▶ **Entries provided**:
##########
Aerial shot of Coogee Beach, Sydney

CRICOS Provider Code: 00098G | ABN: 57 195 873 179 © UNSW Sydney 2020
##########
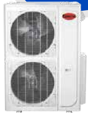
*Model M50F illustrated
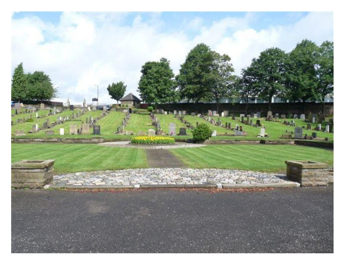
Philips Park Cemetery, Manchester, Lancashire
##########
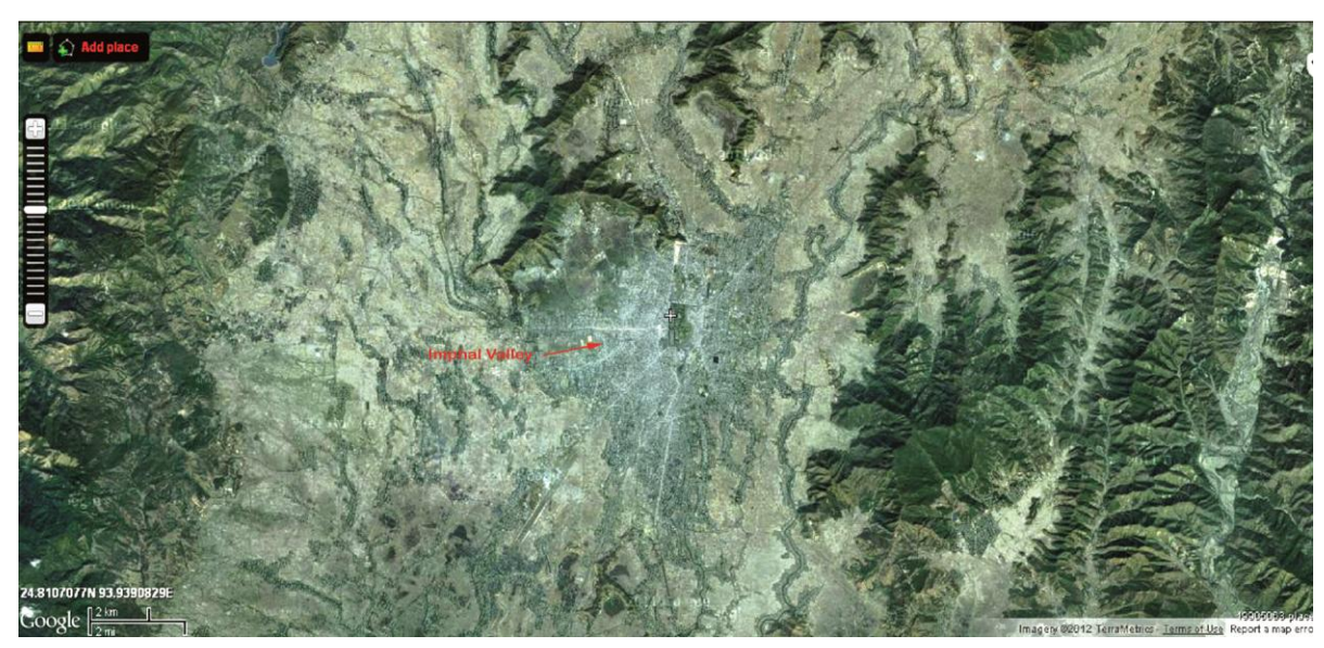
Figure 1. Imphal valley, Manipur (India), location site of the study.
##########
▶ **Exercise requirements**:
Find how many lines in the records contain the string "Sydney", then give the number alone.

▶ **Exercise response**:
2